━━ Data shown ━━
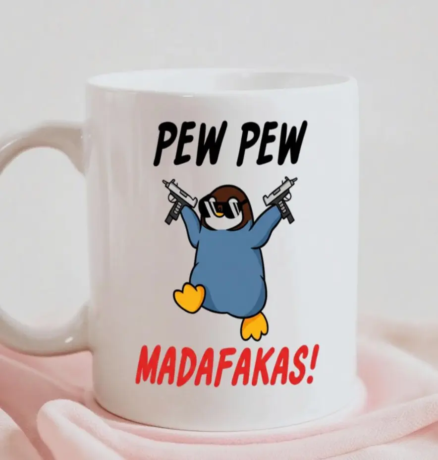 Funny Penguin Coffee Mug with Bold Quote Graphic, Cute Cartoon Animal Cup, Gift for Friends, Daily Coffee Break 11 oz
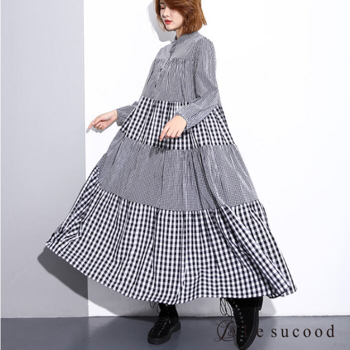 【Le sucood】【お支払い確認後20日以内発送】top125 ギンガムチェック 切り替え ロングワンピース チェック柄 グレー レディース モード系 上品 カジュアル シャツワンピ ロングワンピ マキシ丈 フレアワンピ Aライン ロング丈 丸襟 ノーカラー ゴシック 大人 きれいめ
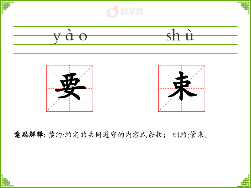 要束的意思是:禁约;约定的共同遵守的内容或条款; 制约;管束。
━━━
Problem statement: Copy the listing over exactly, skipping the pictures it holds.

Solution to the problem:
 Funny Penguin Coffee Mug with Bold Quote Graphic, Cute Cartoon Animal Cup, Gift for Friends, Daily Coffee Break 11 oz
 【Le sucood】【お支払い確認後20日以内発送】top125 ギンガムチェック 切り替え ロングワンピース チェック柄 グレー レディース モード系 上品 カジュアル シャツワンピ ロングワンピ マキシ丈 フレアワンピ Aライン ロング丈 丸襟 ノーカラー ゴシック 大人 きれいめ
 要束的意思是:禁约;约定的共同遵守的内容或条款; 制约;管束。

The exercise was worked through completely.